The FHA's capital position has deteriorated.
The government agency's capital cushion plummeted to -$16.3 billion at the end of fiscal 2012, according to a study prepared annually by an independent actuary. FHA is scheduled to present the assessment, along with its annual report to Congress, on Friday.
FHA's continued financial troubles may force it to ask taxpayers to bail it out for the first time in its 78-year history. This specter has haunted the agency since 2009, when it first reported that its reserves fell below the threshold of 2% of its loan balances mandated by Congress. The ratio now stands at -1.44%, down from 0.24% last year.
FHA's financial health is being closely monitored because of the vital role it plays in the housing market, particularly during crisis times. The agency doesn't make loans, but it backstops lenders if borrowers stop paying. With this guarantee in place, banks are more likely to offer mortgages to borrowers with lower credit scores or incomes. It also allows prospective homeowners to buy property with downpayments as low as 3.5%.

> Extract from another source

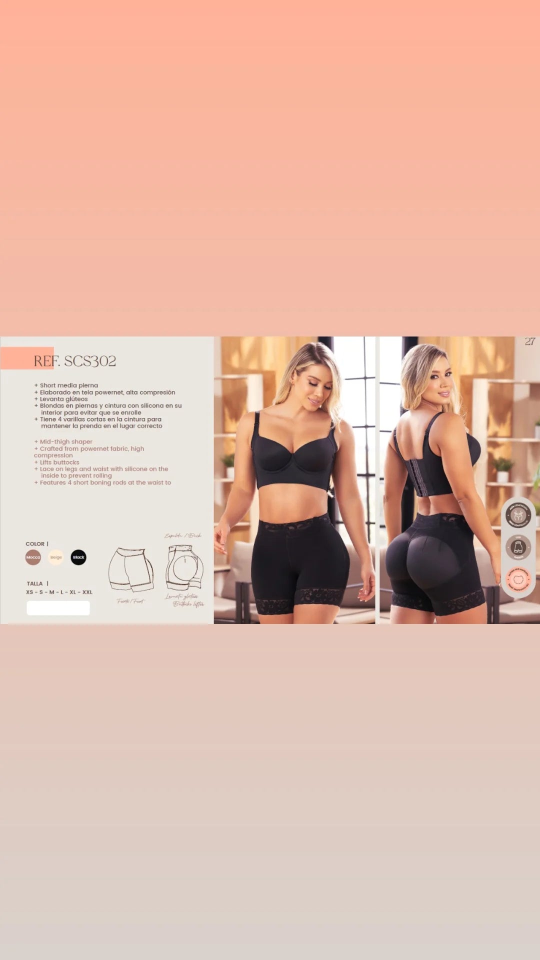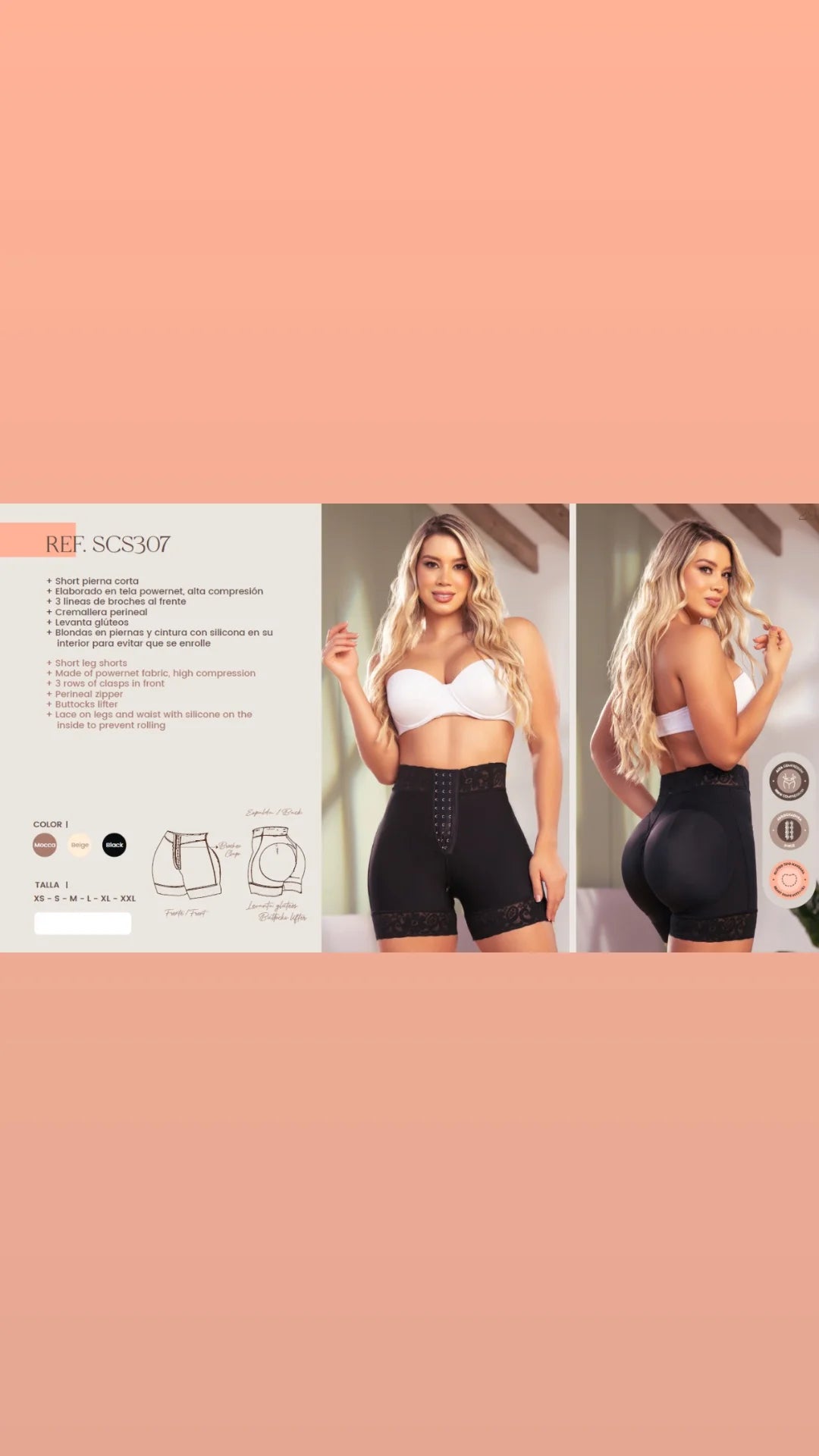 • Reducción de dos tallas en cintura para destacar tus glúteos de mayor volumen.

Last year, FHA insured nearly 16% of home purchases, up from 14.6% a year earlier. In 2010, it had a 19.1% share. During the housing boom, its share hovered in the low single digits. The agency is also vital for minority buyers, backing roughly half of the home purchase mortgages taken out by blacks and Latinos.

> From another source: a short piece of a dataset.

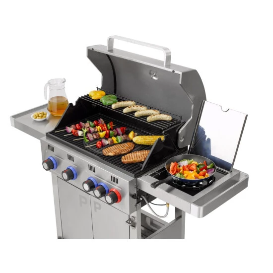 Dank Edelstahl-Brennern und Seitenkocher: Der Wellington 4 bietet vielfältige Grillmöglichkeiten

Despite the reserves deficit, agency officials insist a bailout might not be needed. The lack of reserves does not mean that FHA has insufficient cash to pay its claims or requires an immediate infusion from the Treasury, according to a statement issued late Thursday by the Department of Housing and Urban Development, which oversees FHA. The actuarial report said there is only a 5% chance the agency will run out of cash in the next seven years.
The decision about whether FHA needs an infusion will be determined by the calculations used in President Obama's fiscal 2014 budget proposal, released in February, according to HUD. A final decision would not be made until next September.

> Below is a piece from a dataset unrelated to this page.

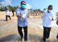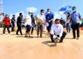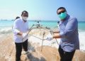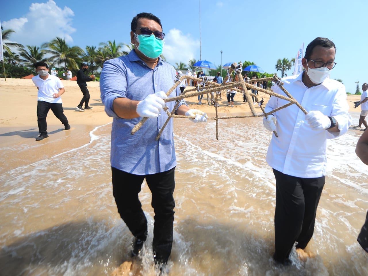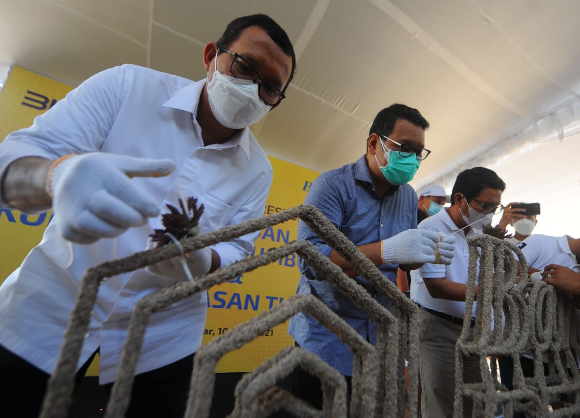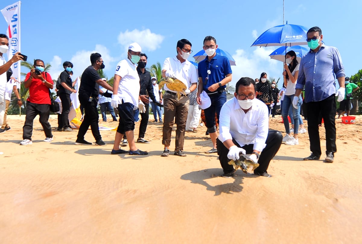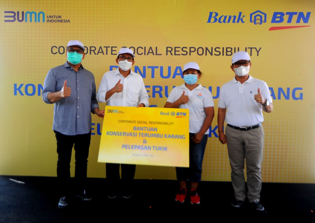Direktur Utama PT Bank Tabungan Negara (Persero) Tbk. Haru Koesmahargyo (kedua kiri) bersama Anggota Komisi XI DPR RI Eriko Sotarduga (kiri) Direktur Nusa Dua Reef Foundation Pariama Hutasoit, dan Sekda Kabupaten Badung I Wayan Adi Arnawa (kanan) melakukan prosesi pelepasan tukik usai sebelumnya di tempat yang sama dilakukan kegiatan perangkaian terumbu karang di pantai Nusa Dua, Denpasar Sabtu (10/4). Sebagai bentuk komitmen perusahaan dalam menjaga kelestarian lingkungan hidup, Bank BTN memberikan bantuan sosial (Corporate Social Responsibility) untuk mendukung program konservasi terumbu karang dengan pengembangan 710 terumbu karang dan melepas 7.100 tukik di pesisir pantai Nusa Dua Bali.

The HUD statement also pointed to the $11 billion FHA expects to gain from new business in fiscal 2013, which began in October, and to a plan that will add "billions of dollars" to its reserves in coming years.
On Friday, HUD announced a series of changes designed to avoid costly foreclosures, which will improve the FHA's financial position. They include increasing sales of distressed loan pools, further lowering mortgage payments through its foreclosure prevention program and expanding the use of short-sales.
FHA will also increase its annual insurance premium in 2013, which will raise borrowers' costs by $13 a month on average. In addition, it is reversing a policy that eliminates the requirement for borrowers to pay premiums after their loan reached 78% of their original value.
Together, this will return FHA's capital cushion to the plus side within the year and reduce its need for a bailout, according to HUD.
"We will continue to take aggressive steps to protect FHA's financial health while ensuring that FHA continues to perform its historic role of providing access to homeownership for underserved communities and supporting the housing market during tough economic times," Carol Galante, FHA's acting commissioner, said in a statement.
FHA, however, has made positive predictions in the past only to see its financial condition grow weaker and weaker. A year ago, agency officials said rising home prices and an influx of new loans would restore the fund and prevent the need for an infusion of taxpayer cash.
That prediction proved too rosy. In its statement Thursday, HUD said its home price forecasts are "significantly" lower now as the turnaround happened later than initially projected. Also, the continued decline in interest rates cost FHA revenue as borrowers pay off their mortgages to refinance into lower rates. And, after receiving recommendations from the Government Accountability Office, HUD's Inspector General and others, FHA directed its actuary to change its methodology to better predict how losses affect the value of the reserves.
Looking to bolster its finances in recent years, the agency has increased its insurance premiums, established minimum credit scores for borrowers, required larger downpayments from those with credit scores below 580 and banned sellers from assisting borrowers with the downpayment. It also created an office of risk management and cracked down on lenders with questionable underwriting processes.
But at the same time delinquencies have been on the rise. Some 9.6% of the loans it backs were in delinquency at the end of September, up from 8.7% a year earlier.
This year's report, however, contains the same types of hopeful estimates, said Ed Pinto, resident fellow at the American Enterprise Institute, a conservative think tank. For instance, it assumes mortgage rates will rise to 6.58% in 2014, roughly double where they are today.